REBASE, a curated database of restriction enzymes, was used to identify the DNA methyltransferases present in F. nucleatum subsp. nucleatum ATCC 23726 (GCA_003019875.1), F. nucleatum subsp. nucleatum ATCC 25586 (GCA_003019295.1), F. nucleatum subsp. animalis 7_1 (GCA_000158275.2), F. nucleatum subsp. animalis 4_8 (GCA_000400875.1), and F. nucleatum subsp. polymorphum 10953 (GCA_000153625.1) from the NCBI database.
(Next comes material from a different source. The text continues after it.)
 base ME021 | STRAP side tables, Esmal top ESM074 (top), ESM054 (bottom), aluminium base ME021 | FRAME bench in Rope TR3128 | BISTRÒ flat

Type II and type III MTases were further bioinformatically characterized using NIH SMARTBLAST and pHMMER. SMARTBLAST and pHMMER provided conserved domains indicating functions of MTases. Phylogenetic analysis of F. nucleatum MTase genes identified in REBASE were downloaded from NCBI and the NCBI identification numbers are supplied in Table S2. The tree and analysis were done in Geneious Prime 2022.1.1 using the Geneious Tree Builder function.
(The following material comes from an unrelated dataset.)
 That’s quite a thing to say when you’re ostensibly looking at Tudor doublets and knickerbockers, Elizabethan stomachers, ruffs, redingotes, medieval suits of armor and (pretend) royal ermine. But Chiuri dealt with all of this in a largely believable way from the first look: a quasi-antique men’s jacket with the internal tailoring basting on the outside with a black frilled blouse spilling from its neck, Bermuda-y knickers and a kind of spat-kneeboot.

Cloning, expression, and purification of MTases.

The MTases M.Fnn23.I, M.Fnn23.II, M.Fnn25.I, M.Fnn25.IV, and M.Fnn25.V were cloned into pET16b under the control of an isopropyl-β-d-thiogalactopyranoside (IPTG)-induced promoter for purification of the recombinant proteins using the C-terminal 6×His tag and benchtop metal affinity chromatography. In addition, M.Fnn23.I and M.Fnn23.II were cloned under the control of a constitutive promoter for continual expression in TOP10 E. coli cells to drive in vivo methylation of plasmids. All plasmids utilized and created in these studies are described in Table S3 along with the bacterial strains in Table S4 and primers in Table S5. The primers to clone the DNA methyltransferases were all ordered from Integrated DNA Technologies. For M.Fnn23.I and M.Fnn23.II, all constructs were made with E. coli, and codon-optimized synthetic DNA was used for PCR. For MTases from F. nucleatum subsp. nucleatum ATCC 25586, PCR was run with genomic DNA that was prepared with Wizard genomic DNA purification kits (Promega).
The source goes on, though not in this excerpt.